Re-ran with additional logging. Results this time were:

grep AssertionError *
test_run_more_logs_1:AssertionError: 60 != 0
test_run_more_logs_2:AssertionError: 30 != 0
test_run_more_logs_3:AssertionError: 30 != 0
test_run_more_logs_4:AssertionError: 60 != 0
test_run_more_logs_5:AssertionError: 60 != 0
test_run_more_logs_6:AssertionError: 60 != 0
test_run_more_logs_7:AssertionError: 60 != 0
test_run_more_logs_8:AssertionError: 60 != 0
test_run_more_logs_9:AssertionError: 60 != 0

Let's start by comparing run 1 and run 2

@shankari
Copy link
Contributor Author

shankari commented May 17, 2022

So the new logs don't actually have the additional logs that I thought I added, but I was able to use them anyway.

The difference seems to happen when we have multiple entries with the same write_ts. Note that we sort our entries by write_ts. In that case, it looks like MongoDB returns them in a consistent order, but document DB returns them in a different order sometimes.

For example, consider runs 1 and 2 above.

For the first set of entries processed (write_ts = 1652644367 on the first run and 1652644404 on the second run), we read entries in the order (activity, location, transition) for both runs.

Screen Shot 2022-05-16 at 10 03 04 PM

For write_ts = 1652644367 and 1652644434 right below, we read entries in the order (activity, location, transition) in one and in the order (transition, activity, location) in the second.

Screen Shot 2022-05-16 at 9 58 21 PM

and for the last set of entries processed before the tests diverge, the order on the second run is with the location last.

Screen Shot 2022-05-16 at 10 12 36 PM

So the last timestamp is the incorrect one and we don't delete anything and the test fails.

Screen Shot 2022-05-16 at 10 13 38 PM

@aGuttman not sure what the order should be on MongoDB vs documentDB if the sort key is the same.

@shankari
Copy link
Contributor Author

And in the final failure on run 1 also, location is last

2022-05-15 12:57:52,107:DEBUG:4475928064:module_name = emission.net.usercache.formatters.android.activity
2022-05-15 12:57:52,107:DEBUG:4475928064:write_ts = 1652644607
2022-05-15 12:57:52,107:DEBUG:4475928064:module_name = emission.net.usercache.formatters.android.transition
2022-05-15 12:57:52,107:DEBUG:4475928064:Timestamp conversion: 1652644607 -> 1652644607 done
2022-05-15 12:57:52,107:DEBUG:4475928064:write_ts = 1652644607
2022-05-15 12:57:52,108:DEBUG:4475928064:Mapped local.state.waiting_for_trip_start -> 1
2022-05-15 12:57:52,108:DEBUG:4475928064:No existing timestamp, copyied from metadata1652644607
2022-05-15 12:57:52,108:DEBUG:4475928064:module_name = emission.net.usercache.formatters.android.location
2022-05-15 12:57:52,108:DEBUG:4475928064:write_ts = 1652644.607

@aGuttman
Copy link

I should have checked back here earlier, I just found the same thing myself and was excited to report back.

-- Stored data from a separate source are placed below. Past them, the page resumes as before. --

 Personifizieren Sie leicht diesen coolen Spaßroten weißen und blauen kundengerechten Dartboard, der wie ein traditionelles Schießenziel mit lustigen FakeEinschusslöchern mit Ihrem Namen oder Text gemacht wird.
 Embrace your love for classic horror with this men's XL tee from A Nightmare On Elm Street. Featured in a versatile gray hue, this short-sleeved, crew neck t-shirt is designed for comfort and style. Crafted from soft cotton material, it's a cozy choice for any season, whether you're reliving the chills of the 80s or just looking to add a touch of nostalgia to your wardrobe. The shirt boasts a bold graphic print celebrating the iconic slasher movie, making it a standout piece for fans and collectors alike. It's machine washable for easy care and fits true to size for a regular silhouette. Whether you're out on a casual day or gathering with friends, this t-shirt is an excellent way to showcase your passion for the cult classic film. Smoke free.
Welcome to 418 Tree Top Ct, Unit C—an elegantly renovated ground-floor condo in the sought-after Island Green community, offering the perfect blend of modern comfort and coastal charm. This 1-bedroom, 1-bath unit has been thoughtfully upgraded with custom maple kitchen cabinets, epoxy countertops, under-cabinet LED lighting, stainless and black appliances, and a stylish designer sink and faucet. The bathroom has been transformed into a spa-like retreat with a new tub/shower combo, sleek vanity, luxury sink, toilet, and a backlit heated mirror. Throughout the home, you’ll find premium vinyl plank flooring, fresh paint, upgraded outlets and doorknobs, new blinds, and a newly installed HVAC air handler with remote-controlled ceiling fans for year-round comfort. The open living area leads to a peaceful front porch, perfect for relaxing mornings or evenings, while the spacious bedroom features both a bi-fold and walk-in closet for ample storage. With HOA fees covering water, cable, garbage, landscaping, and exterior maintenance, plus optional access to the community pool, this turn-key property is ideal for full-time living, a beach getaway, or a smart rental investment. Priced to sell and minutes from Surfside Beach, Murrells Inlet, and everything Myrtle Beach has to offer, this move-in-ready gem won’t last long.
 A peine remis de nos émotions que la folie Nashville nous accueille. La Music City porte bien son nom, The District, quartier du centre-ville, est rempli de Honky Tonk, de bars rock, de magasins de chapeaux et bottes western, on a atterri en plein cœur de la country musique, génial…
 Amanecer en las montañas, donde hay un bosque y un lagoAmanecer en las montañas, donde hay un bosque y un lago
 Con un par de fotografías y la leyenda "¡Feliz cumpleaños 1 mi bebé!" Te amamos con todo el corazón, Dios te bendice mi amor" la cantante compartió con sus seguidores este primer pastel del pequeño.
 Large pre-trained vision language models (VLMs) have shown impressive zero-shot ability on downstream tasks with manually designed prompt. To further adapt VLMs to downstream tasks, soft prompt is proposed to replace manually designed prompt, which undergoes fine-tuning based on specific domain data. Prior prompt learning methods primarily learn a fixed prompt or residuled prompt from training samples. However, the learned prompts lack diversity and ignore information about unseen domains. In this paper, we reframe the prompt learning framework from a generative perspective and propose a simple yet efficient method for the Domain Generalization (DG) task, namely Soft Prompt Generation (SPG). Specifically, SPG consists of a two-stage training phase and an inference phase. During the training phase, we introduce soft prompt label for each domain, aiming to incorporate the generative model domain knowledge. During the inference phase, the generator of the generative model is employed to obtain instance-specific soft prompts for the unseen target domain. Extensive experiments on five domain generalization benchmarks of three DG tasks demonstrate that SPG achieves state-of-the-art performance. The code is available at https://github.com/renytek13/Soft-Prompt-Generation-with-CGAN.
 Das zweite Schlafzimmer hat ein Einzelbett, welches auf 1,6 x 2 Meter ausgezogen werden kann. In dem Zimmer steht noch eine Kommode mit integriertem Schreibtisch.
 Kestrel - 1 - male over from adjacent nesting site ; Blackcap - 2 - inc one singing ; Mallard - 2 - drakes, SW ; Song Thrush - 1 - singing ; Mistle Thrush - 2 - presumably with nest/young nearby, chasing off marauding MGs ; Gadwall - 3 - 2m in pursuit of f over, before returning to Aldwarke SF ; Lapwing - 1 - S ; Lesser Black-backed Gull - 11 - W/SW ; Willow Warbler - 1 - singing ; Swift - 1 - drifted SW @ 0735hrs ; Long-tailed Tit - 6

I added an extra log to format_location_raw() and it looks like it always creates a number that is unreasonably small. There doesn't seem to be a legitimate example where dividing by 1000 creates a time stamp that we want. Can we just get rid of the division? Then the ordering shouldn't matter.

I guess to add to that, I never see format_location_simple() being used. Perhaps if ("mLatitude" in entry.data): is branching off the wrong condition?

I think that's the logical root of this. All entries have a mLatitude. entry.data["mLatitude"] is 37.3885529 for all of the entries being tested which makes it seem like some sort of default value. I would look into it further right now, but I just spent 5 minutes getting really frustrated with grep before realizing I was in a completely wrong directory, so I think I'm at my limit for the day.

@aGuttman
Copy link

Ok, I didn't really understand how the test examples were being generated before but I see now.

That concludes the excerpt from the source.